“You had me at VIP,” my buddy Nick texted back to me.
Our babysitter canceled due to a last-minute illness. My wife took one for the team and kindly sent me to the Sacramento Kings game solo—which meant I had a seat to fill on 35 minutes notice.
No problem for my man, a fellow dad and fan. (I’ll let you decide the order!) Nick flipped the game off at home, kissed his own wife and kids goodbye and beelined from his house to our seats.
He only missed a few minutes of gametime because, as I alluded to at the open, we got him in through the VIP entrance.
We contrarians make a living—and a retirement—finding the VIP entrance. Take ONEOK (OKE), a pipeline operator and our favorite “energy toll bridge.” OKE made its debut in these pages when we added it to our Contrarian Income Portfolio in April 2020.

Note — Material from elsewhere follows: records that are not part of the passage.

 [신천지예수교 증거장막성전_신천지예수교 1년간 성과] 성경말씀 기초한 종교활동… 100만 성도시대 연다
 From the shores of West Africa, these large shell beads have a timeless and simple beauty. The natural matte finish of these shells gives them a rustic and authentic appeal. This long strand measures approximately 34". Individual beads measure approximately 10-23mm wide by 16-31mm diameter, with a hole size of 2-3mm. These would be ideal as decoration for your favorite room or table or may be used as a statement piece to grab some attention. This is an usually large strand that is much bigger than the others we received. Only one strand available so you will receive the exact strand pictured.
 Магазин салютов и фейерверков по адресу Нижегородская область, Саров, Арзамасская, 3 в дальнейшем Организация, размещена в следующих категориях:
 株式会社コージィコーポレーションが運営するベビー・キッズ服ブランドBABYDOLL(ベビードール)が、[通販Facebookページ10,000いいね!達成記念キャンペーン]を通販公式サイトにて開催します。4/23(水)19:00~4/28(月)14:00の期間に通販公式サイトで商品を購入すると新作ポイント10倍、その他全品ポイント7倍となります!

As income investors we take comfort in “dividend cushions.” When we bought OKE its yield was 11.8%. Eleven-point-eight percent! Sounds nuts but remember, at the time, crude oil was trading for less than zero dollars a barrel. I wouldn’t believe it if I hadn’t seen it. Buying OKE was anything but comfortable.
Mainstream rags and pundits speculated that OKE would have to cut its dividend. Six months later, the stock had sold off further and the dividend yield was above 14%. Fourteen percent!

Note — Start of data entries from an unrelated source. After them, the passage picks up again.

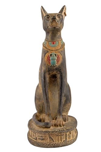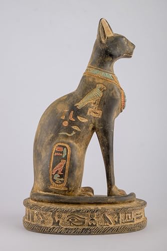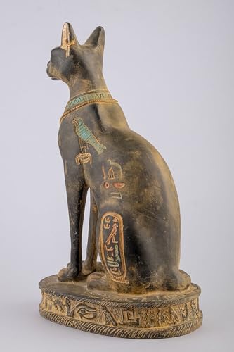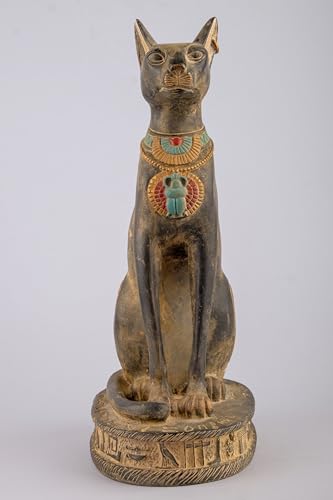 Generic - تمثال قط باستيت مصري مصنوع يدويا من الحجر الأسود مع جعران على صدرها، رموز نقوش هيروغليفية حول القاعدة، صنع في مصر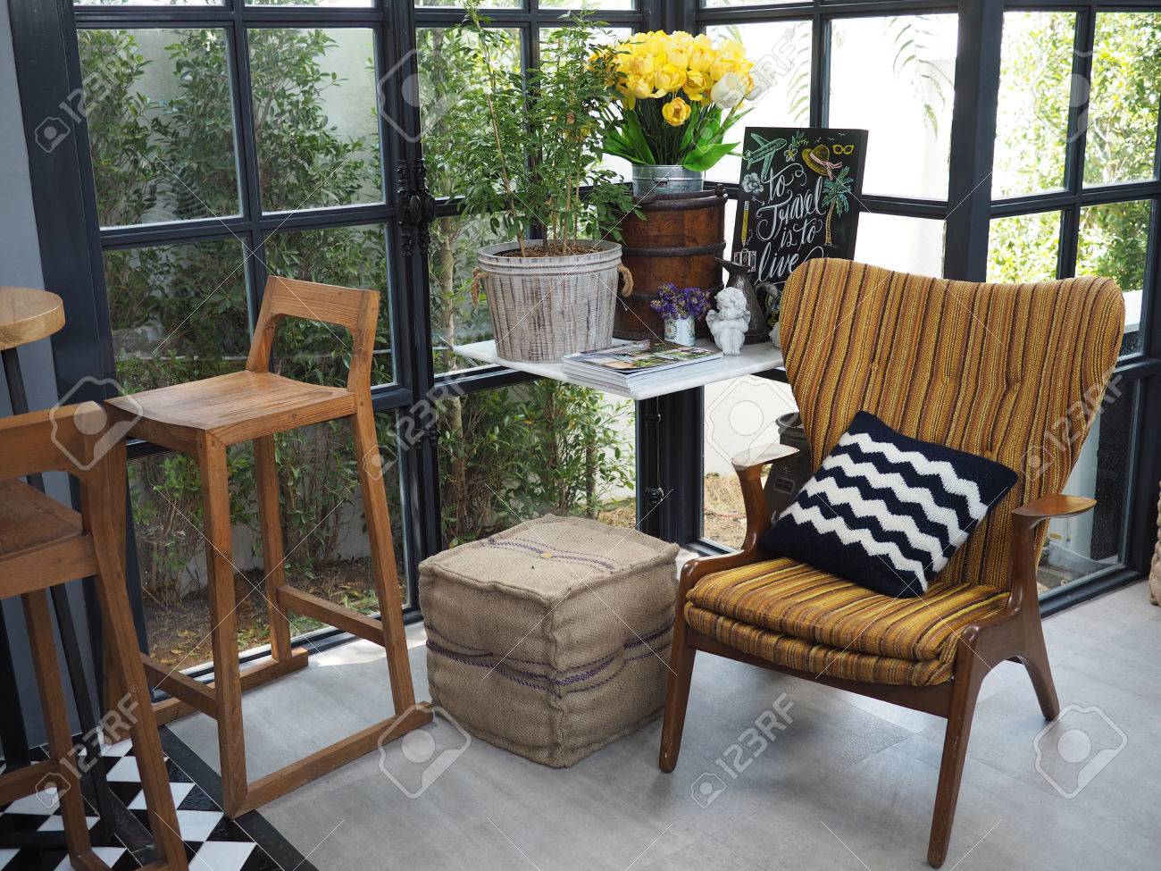 Blue Armchair And Square Table Placed Outside A Cafe Photo
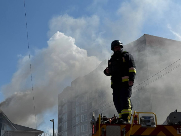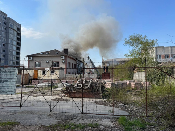 Рятувальники ліквідовують пожежу на даху офісної будівлі, 13 квітня 2026 року. Суспільне Запоріжжя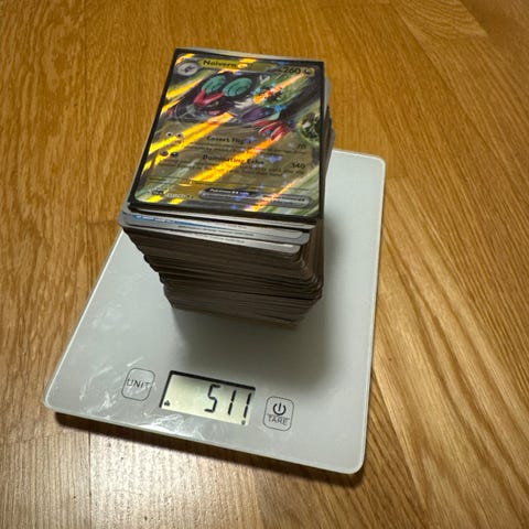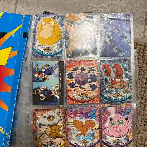 Samling av diverse Pokemon kortspillkort i ulike utgaver og tilstander. Kortene varierer i motiv og farger, og kan brukes til samling eller spill.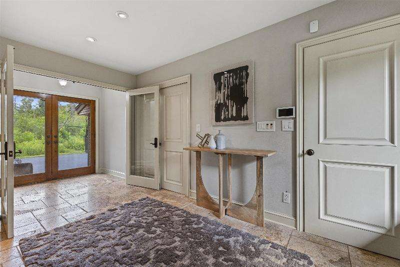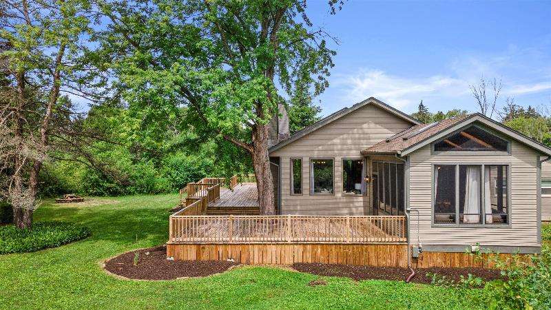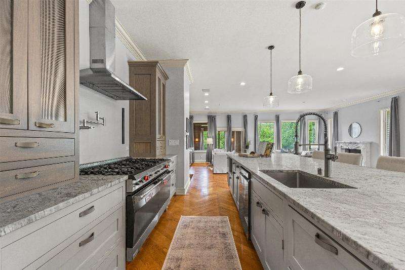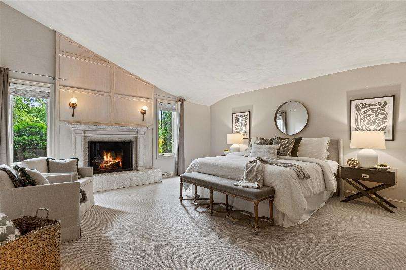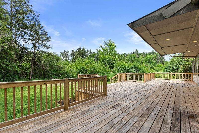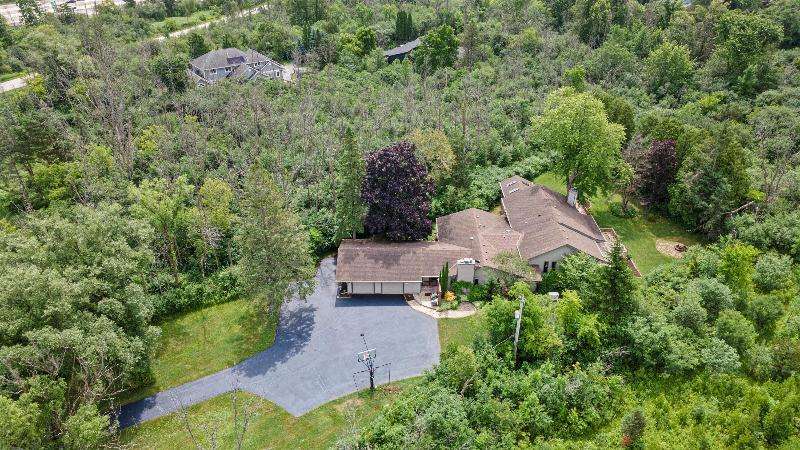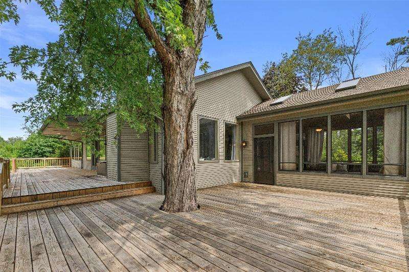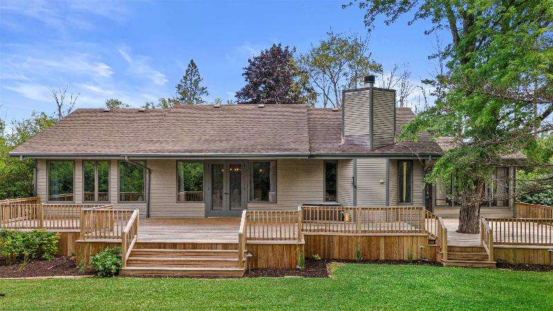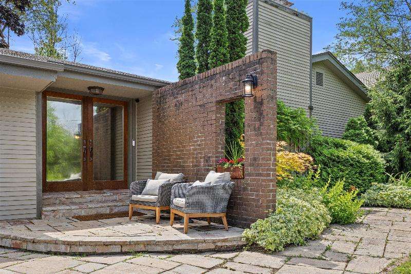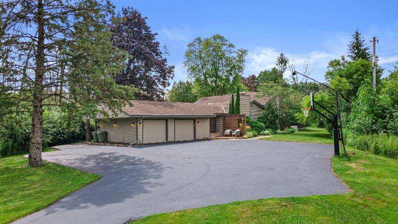 This peaceful River Hills oasis combines unique architecture and thoughtful updates on 2.5 private acres. Upon entering the spacious foyer, a gallery hallway leads to an expansive Great Room. Take in the floor to ceiling windows, two seating areas including an Italian marble fireplace, dry bar, and a chef's kitchen with 10 burner range, double ovens, honed granite counters, oversized island and a tucked away pantry. You'll find this space to be an entertainer's dream with new 75 foot deck and three seasons room with vaulted ceiling and skylights. Retreat to your primary suite including fireplace, walk in closet, laundry, and updated bath with heated floors and soaking tub. Finished basement includes screening room and designated workout space. Whole house generator offers peace of mind.

Surely, a dividend cut was on the way, according to the headlines. We freethinkers knew better, though. In the October edition of CIR, we reasoned:
OKE is a well-run energy pipeline firm with assets that have the potential to produce yearly earnings (defined by EBIDTA) of more than $3 billion, yet the company has a total market cap of just $13 billion!

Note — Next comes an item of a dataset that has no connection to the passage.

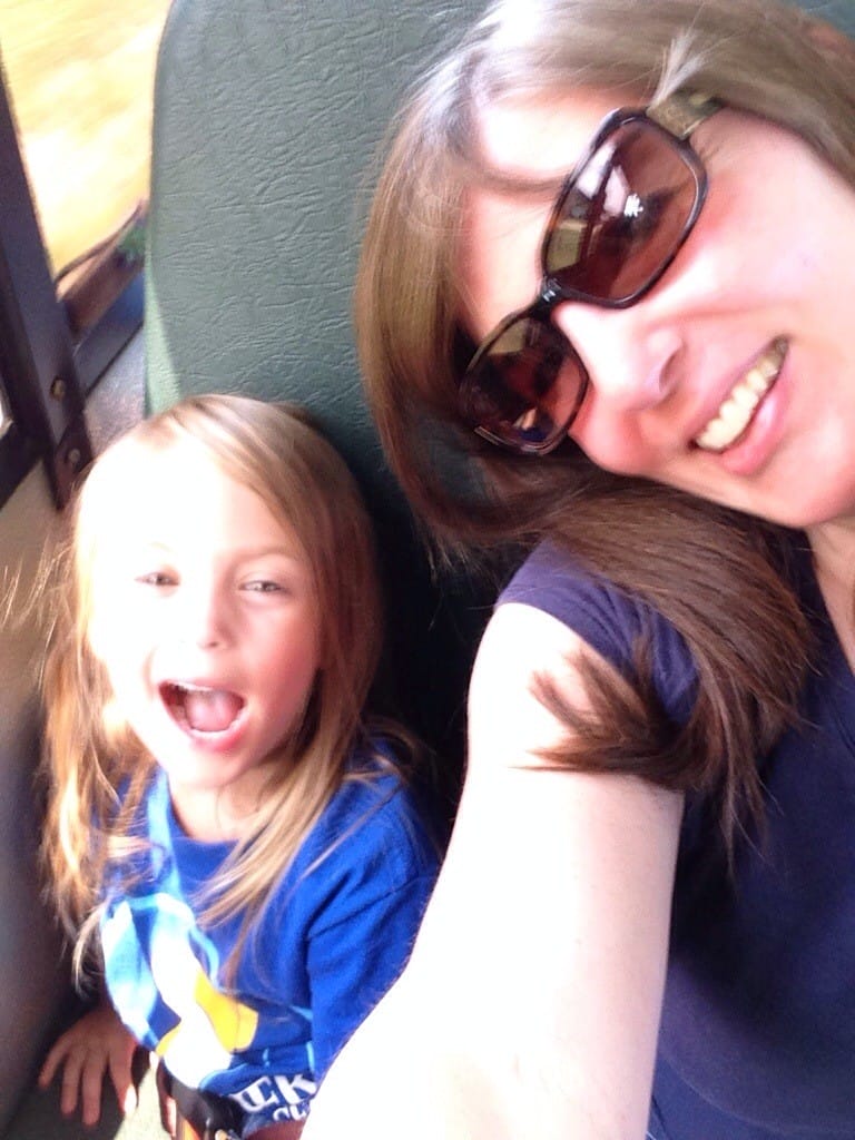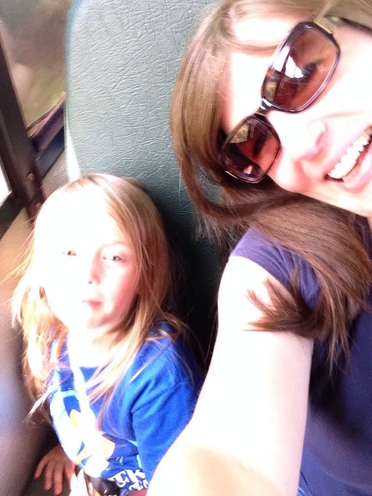 Our field trip is over, and mommy and I are taking selfies on the bus ride home.

While you and I aren’t going to pool our money together and produce $13 billion, you can simply buy as many shares as you want for a yield that is still above 14%. Plus, we collect the $0.935 quarterly dividend, we get to sit on this underpriced asset and wait for it to bounce back to 2019 levels (which would represent a near-3X gain from here).
OKE should be a long-term holding for us. We’re riding the 2020 ups and downs in anticipation of a brighter 2021 and beyond for the energy sector, with OKE leading the way higher.
That’s exactly how it played out. Energy assets rallied like crazy. OKE kept paying that quarterly dividend.
Fast forward to early 2022, and we had “rich people” problems. We were up 149% on OKE and had to figure out what to do next!
And this is where investing experience really helps.
Any newbie investors who rode the OKE bandwagon with us would have sold too soon. Which is the opposite of what we want to do. We want to let our winners run.
Sure, eleven months ago, we were sitting on 149% gains from OKE. But Mr. and Ms. Market don’t care who has owned what when. Wall Street’s “power couple” do, however, respect the dividend magnet—which indicated that even higher highs were likely.
OKE’s Dividend Magnet at Work
And guess what? OKE is up even more since we said “hang on.” Our CIR gains have climbed to 188% since that VIP buy call back in April 2020.
But wait, there’s more. OKE’s cash flows have boomed, and the stock has been due for a dividend raise! Which is exactly what we got a couple of weeks back.
If you bought OKE when we mailed that now famous Flash Alert, congratulations! You’re enjoying a terrific 12.5% yield on your initial investment.
A $10,000 stake is now receiving $1,250 per year. While $100K in OKE is banking $12,500 in yearly dividends. Nice.
Now should we book profits? After all, we recently told Exxon Mobil (XOM) thanks and farewell for now.
Nah. I still have OKE as a buy. Remember, “the Markets” don’t care that we’re up 188%. They see a 5.6% dividend that just got a bump. Good for the stock price!
Plus, China is finally reopening after a three-year economic hiatus. Bullish for oil demand.
Really, flat energy prices are fine for OKE shareholders. That means these toll bridges keep collecting. Which means the dividends keep coming.
Just remember, that’s a 5.6% yield on new money. The 12.5% VIP rate sold out years ago.